◆ PROBLEM TO SOLVE
Starting at the line that contains "Mode 2 (M2)" and stopping at the line that contains "Cette structure cyclique", transcribe every line of the material below exactly; pictures stay out.

◆ GIVEN RECORDS
────────────────────────────────────────

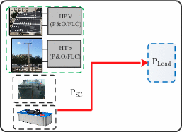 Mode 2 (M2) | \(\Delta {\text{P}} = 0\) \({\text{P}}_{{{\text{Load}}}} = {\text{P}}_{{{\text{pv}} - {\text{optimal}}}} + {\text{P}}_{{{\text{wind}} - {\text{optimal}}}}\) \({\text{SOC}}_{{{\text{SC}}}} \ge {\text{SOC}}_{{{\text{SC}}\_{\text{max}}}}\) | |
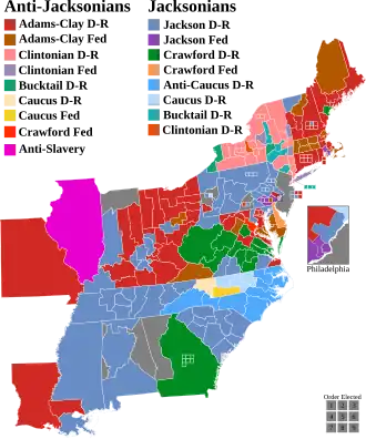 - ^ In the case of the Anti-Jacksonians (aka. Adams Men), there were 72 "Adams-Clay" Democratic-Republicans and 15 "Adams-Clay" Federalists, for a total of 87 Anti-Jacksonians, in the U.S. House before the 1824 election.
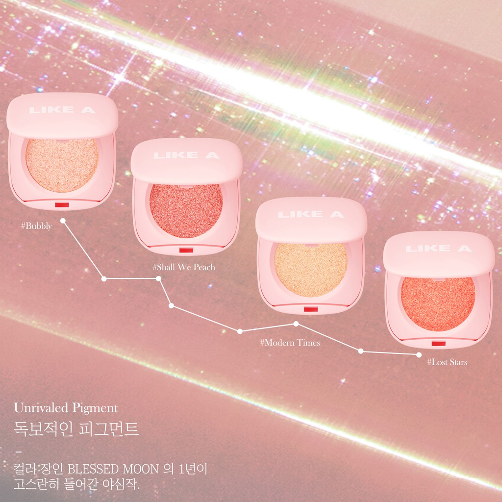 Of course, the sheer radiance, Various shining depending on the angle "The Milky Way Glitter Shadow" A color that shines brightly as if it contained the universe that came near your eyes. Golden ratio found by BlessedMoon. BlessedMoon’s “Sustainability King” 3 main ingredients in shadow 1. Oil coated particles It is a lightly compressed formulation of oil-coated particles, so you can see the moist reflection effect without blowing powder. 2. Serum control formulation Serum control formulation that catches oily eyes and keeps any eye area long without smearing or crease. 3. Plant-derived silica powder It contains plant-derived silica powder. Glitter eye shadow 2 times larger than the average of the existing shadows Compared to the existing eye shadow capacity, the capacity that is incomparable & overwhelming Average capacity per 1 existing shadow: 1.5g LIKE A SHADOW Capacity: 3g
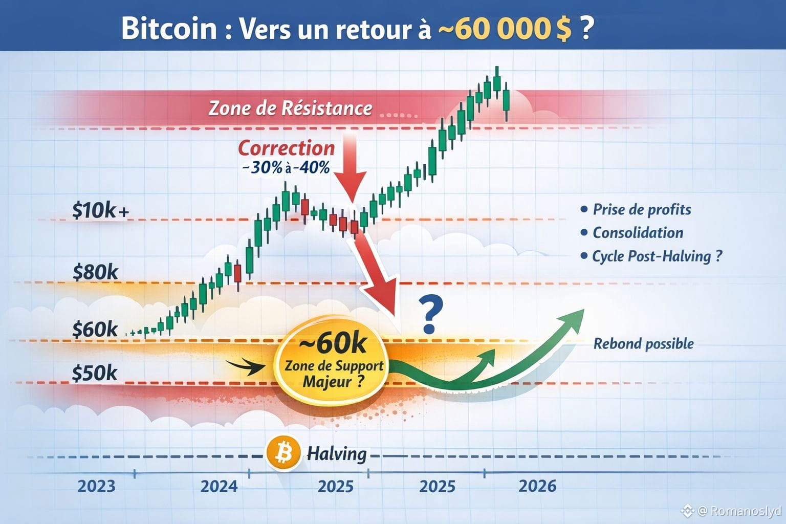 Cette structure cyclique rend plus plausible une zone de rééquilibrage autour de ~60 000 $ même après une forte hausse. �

────────────────────────────────────────

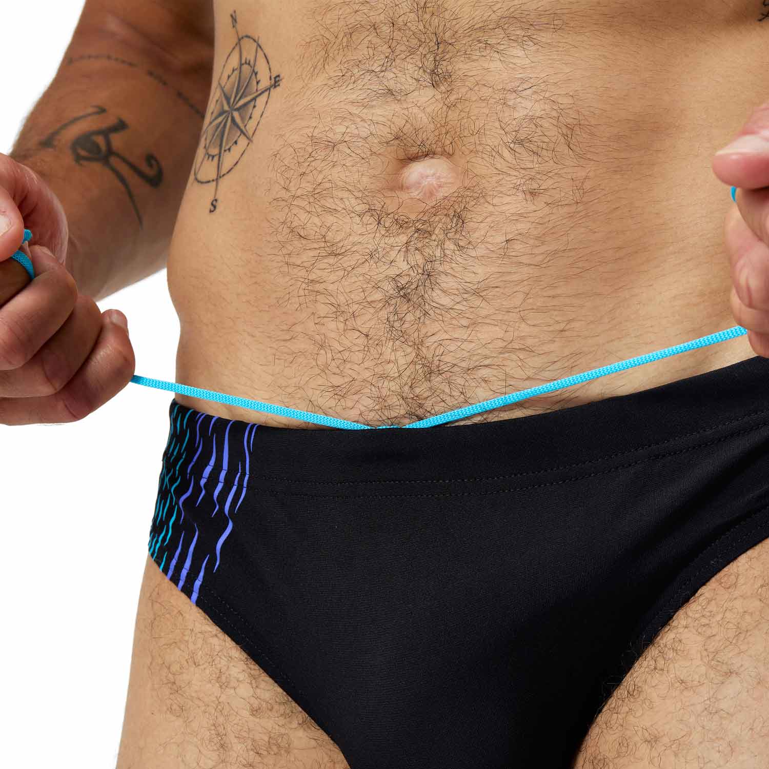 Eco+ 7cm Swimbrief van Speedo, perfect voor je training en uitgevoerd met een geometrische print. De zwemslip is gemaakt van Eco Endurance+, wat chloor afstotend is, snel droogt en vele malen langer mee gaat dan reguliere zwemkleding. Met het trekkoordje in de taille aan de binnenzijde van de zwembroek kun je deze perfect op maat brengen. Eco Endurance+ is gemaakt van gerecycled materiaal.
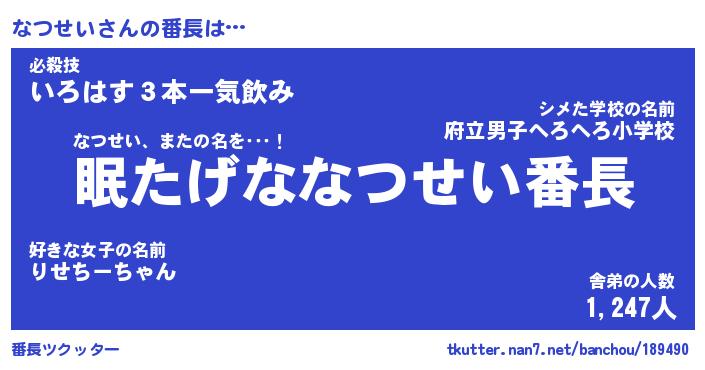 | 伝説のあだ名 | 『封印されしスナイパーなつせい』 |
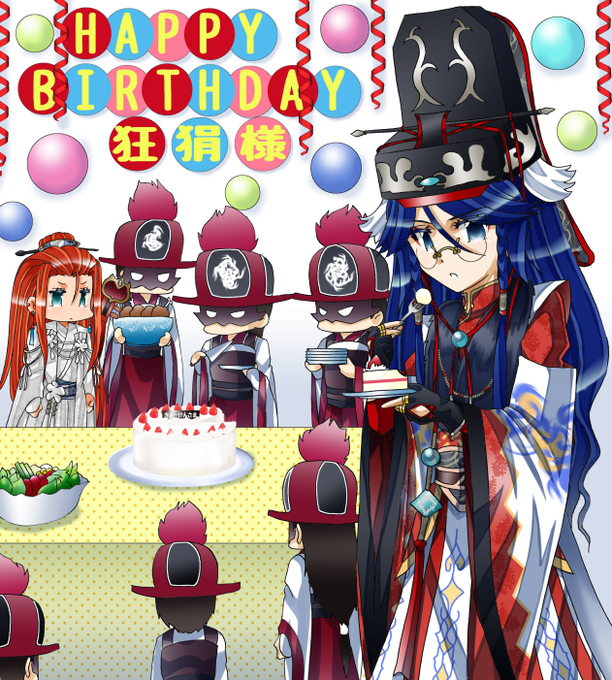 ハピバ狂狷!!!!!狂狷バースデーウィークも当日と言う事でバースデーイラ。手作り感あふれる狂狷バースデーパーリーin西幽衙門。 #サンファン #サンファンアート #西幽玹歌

────────────────────────────────────────

◆ EXERCISE OUTPUT
 Mode 2 (M2) | \(\Delta {\text{P}} = 0\) \({\text{P}}_{{{\text{Load}}}} = {\text{P}}_{{{\text{pv}} - {\text{optimal}}}} + {\text{P}}_{{{\text{wind}} - {\text{optimal}}}}\) \({\text{SOC}}_{{{\text{SC}}}} \ge {\text{SOC}}_{{{\text{SC}}\_{\text{max}}}}\) | |
 - ^ In the case of the Anti-Jacksonians (aka. Adams Men), there were 72 "Adams-Clay" Democratic-Republicans and 15 "Adams-Clay" Federalists, for a total of 87 Anti-Jacksonians, in the U.S. House before the 1824 election.
 Of course, the sheer radiance, Various shining depending on the angle "The Milky Way Glitter Shadow" A color that shines brightly as if it contained the universe that came near your eyes. Golden ratio found by BlessedMoon. BlessedMoon’s “Sustainability King” 3 main ingredients in shadow 1. Oil coated particles It is a lightly compressed formulation of oil-coated particles, so you can see the moist reflection effect without blowing powder. 2. Serum control formulation Serum control formulation that catches oily eyes and keeps any eye area long without smearing or crease. 3. Plant-derived silica powder It contains plant-derived silica powder. Glitter eye shadow 2 times larger than the average of the existing shadows Compared to the existing eye shadow capacity, the capacity that is incomparable & overwhelming Average capacity per 1 existing shadow: 1.5g LIKE A SHADOW Capacity: 3g
 Cette structure cyclique rend plus plausible une zone de rééquilibrage autour de ~60 000 $ même après une forte hausse. �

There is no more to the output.